When you are
good at something, you tend to show off. Most often, when people ask you to
share the success recipe, you extend an analytical response – simply attempted
at making the recipe complex. If you’ve noticed, the next moment onwards, that
analytical response starts playing in your mind and most often you fail to
repeat your success. The shift from an intuition based success to one based on
false analysis is pretty common. People who do this tend to add a swagger to
their walk.
I have noticed
that with a cricketer who has been in the limelight recently for the wrong
reasons.
Success attracts
skeptics. Indian Premier League has been
no different. However, the last few weeks that has seen some of cricketing
world's prominent personalities scurrying for legal cover seem to prove the
skeptics right. Why do these people with the potential of furthering their
success get themselves into such positions? Is there a lesson for others when
such people can go from an iconic status to irrelevant? Jim Collins' book, 'how the mighty
fall,' could perhaps provide some insights. As he writes, if companies such
as Motorola, Circuit City, and Fannie Mae — icons that once served as paragons
of excellence — can succumb to the forces of gravity, then no one is immune.
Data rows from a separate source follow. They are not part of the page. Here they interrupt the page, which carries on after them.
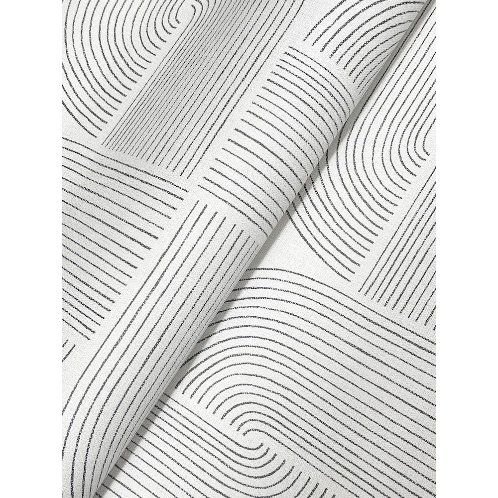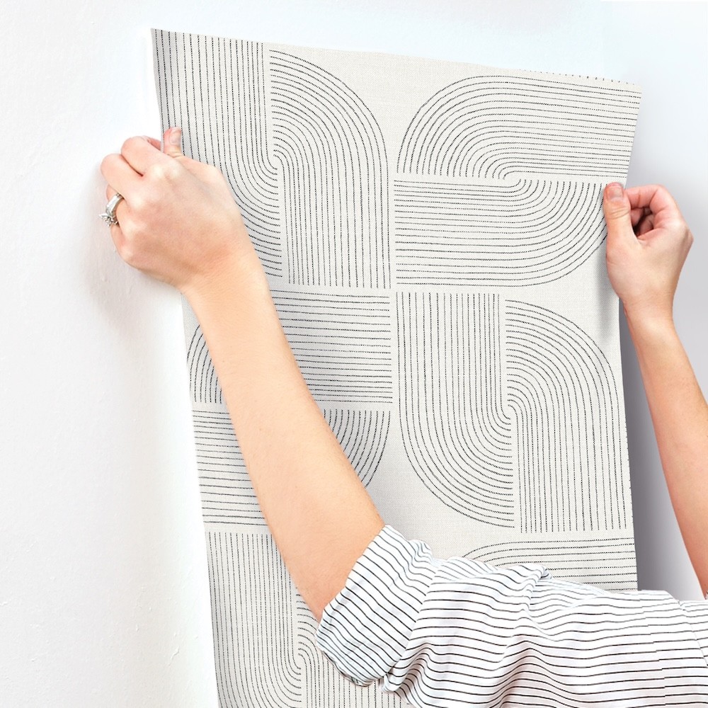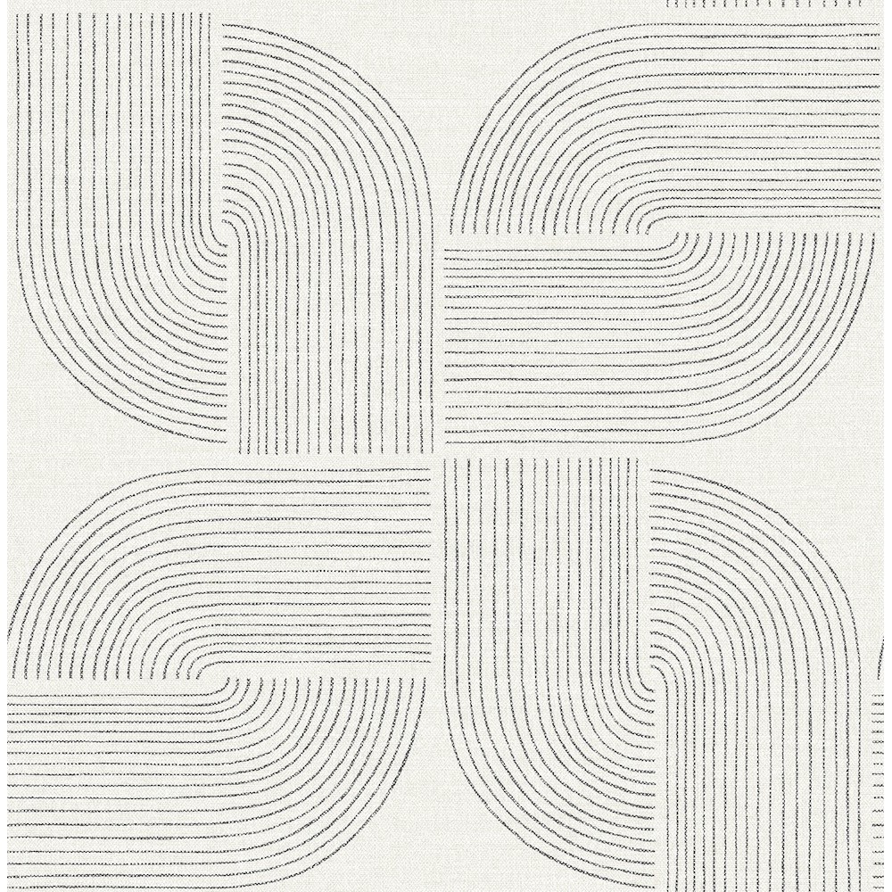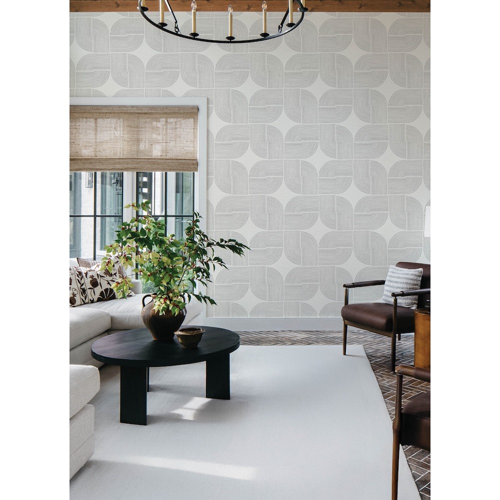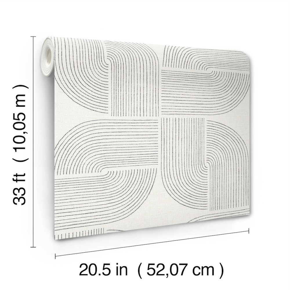 The culmination of linear arches and the stars formed at their center lends Savoye retro flair and lived-in elegance. Featured here with black linework against grey. Savoye is an unpasted, non woven wallpaper measuring 20.5 inches wide by 33 feet long, covering approximately About 56.4 square feet square feet per roll.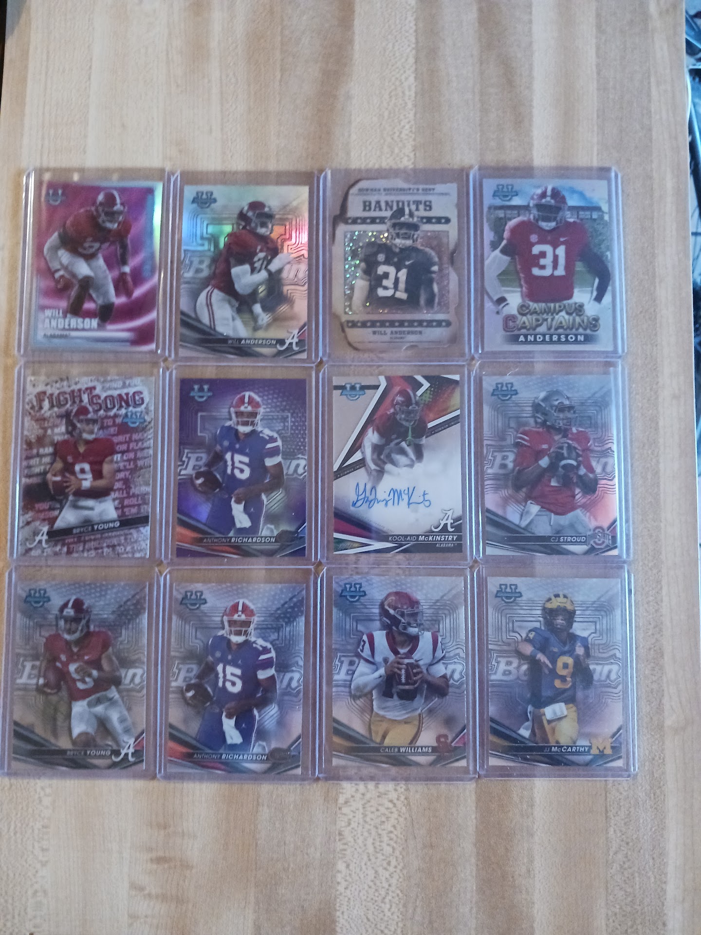 Ā Ā Ā Read more2022 Bowman U Best mini box for $60 is just the most amazing guaranteed bang for your buck I've ever seen. Absolutely loaded with college stars and 1st round nfl draft picks from this season and last. QBs galore. 1 auto (Kool Aid Mckinstry) and 1 numbered (Anthony Richardson of 250) in every box. All of these drippy pulls and more in one mini box. Thank You SN...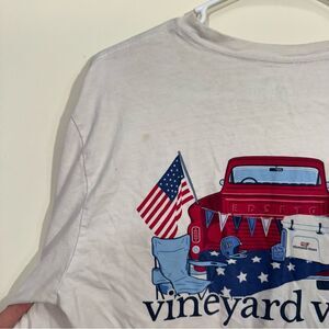Gently worn men's size small vineyard vines graphic printed long sleeve t-shirt. 100% cotton, chest pocket, some faint spots. Patriotic themed, would be great holidays. Please review all photos for any signs of wear-pictured as is. Disclaimer: Any items with any wear/staining has not been treated, and unsure of ability to remove/treat condition. Comes from a smoke free home, bundle with other items to save & minimize shipping cost.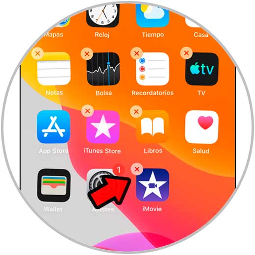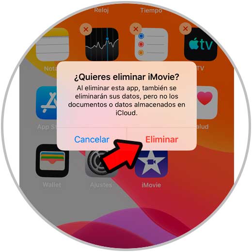 A continuación, pulsaremos sobre el icono de la equis de la aplicación en cuestión y nos saldrá un cartel donde podemos confirmar la opción de “Eliminar”.
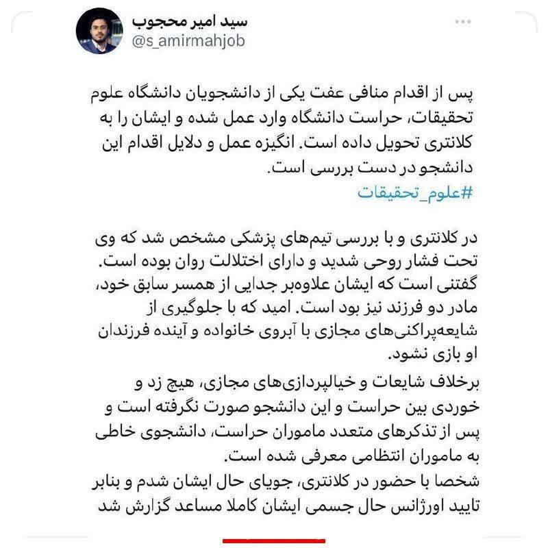 🔰 رفتار منافی عفت عمومی از سوی یک دانشجو در دانشگاه آزاد علوم تحقیقات تهران و حواشی آن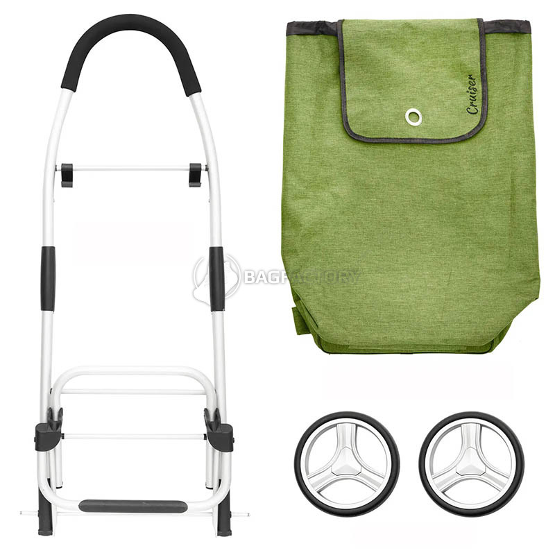 Сумка-тележка Foldable обладает всеми достоинствами тележек торговой марки ShoppingCruiser® - легкостью, прочностью, устойчивостью, компактностью. Данная модель имеет пару ультралёгких колес на подшипниках, свободно преодолевает неровности местности, бордюры и ступеньки.
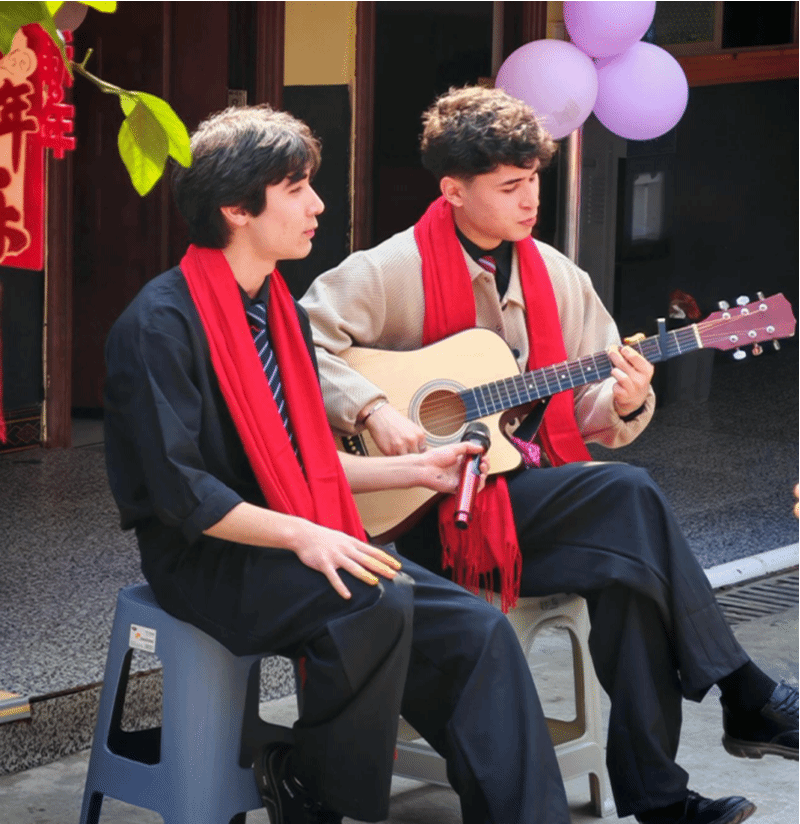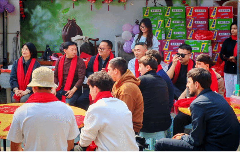活动现场,来自各个国家留学生带来了精彩的节目。塔吉克斯坦学生的吉他弹唱、老挝学生的中文朗诵、缅甸学生的缅语合唱以及布基纳法索学生的中文合唱,多元文化交融碰撞,赢得现场阵阵掌声。节目表演期间还穿插着紧张刺激的抽奖环节,郑刚为中奖同学颁发了奖品。文艺表演后,兼顾中西口味的暖心团圆宴开启,师生围坐畅谈,在美食中感受团圆年味。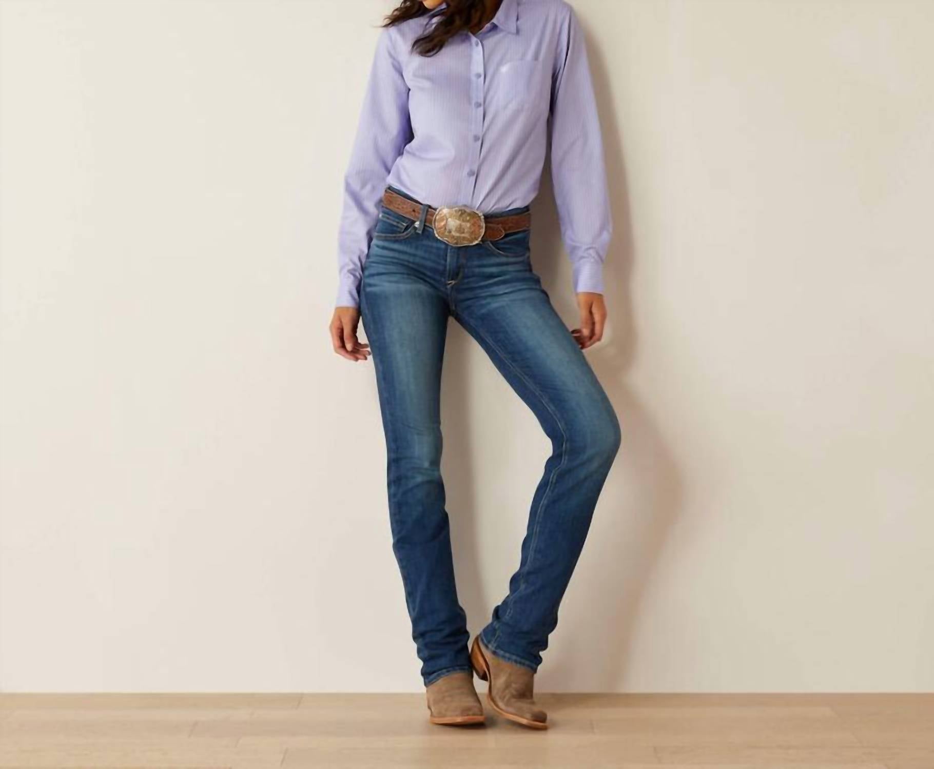 Elevate your wardrobe with the Kirby Pro Shirt by ARIAT, featuring long sleeves and crafted in 100% polyester for optimal stretch and mobility. This sweet lavender striped button down shirt is perfect for a flattering, polished look, whether you're in the arena or at a dinner party. Enhanced with UPF 40 for added sun protection, it also includes a chest pocket for convenience. Closure: Button closure. Ideal for spring events like Thanksgiving, this piece is engineered with moisture-wicking technology for all-day comfort.

After all, it is individuals who run these companies.
Be it N.Srinivasan
who was at the helm of affairs in cricket in India or Sreesanth or Vindoo Dara
Singh - the common thread running through them is that they seem to have become
insulated by success. Jim Collin's calls it 'hubris born of success.' People
become arrogant, regard success virtually as an entitlement, and they lose
sight of the true underlying factors that created success in the first place. Further,
such an attitude leads to undisciplined pursuit of more—more growth, more
acclaim, more of whatever those in power see as "success." People
often stray from the disciplined creativity that led them to greatness in the
first place, making undisciplined leaps into areas where they cannot be great
or grow faster than they can achieve with excellence—or both.
So, what could
be the solution?
It is important
to learn to discount success and work incessantly to position one as stronger
and better-positioned, as each day passes.
1 comment:
Are these observations to be taken as Univesersal truth? Will these apply to AAP and its leader-protagonist Arvind Kejriwal as well? Or shall we wait till he notices the last statement in the blog and adjust his paces accordingly?
I am also reminded of an episode in the post consumate Indo-Pak war and formation of Bangladesh, when Field Marshal Maneckshaw was quipped by a scribe,"what would have happened if you were not there to lead the operations?", FM knee-jerked,"the Country would have lost the war." The reply turned flammable and the veteran that he was,soon retracted saying it was all a joke.Fortunately the whole thing was dimissed as such.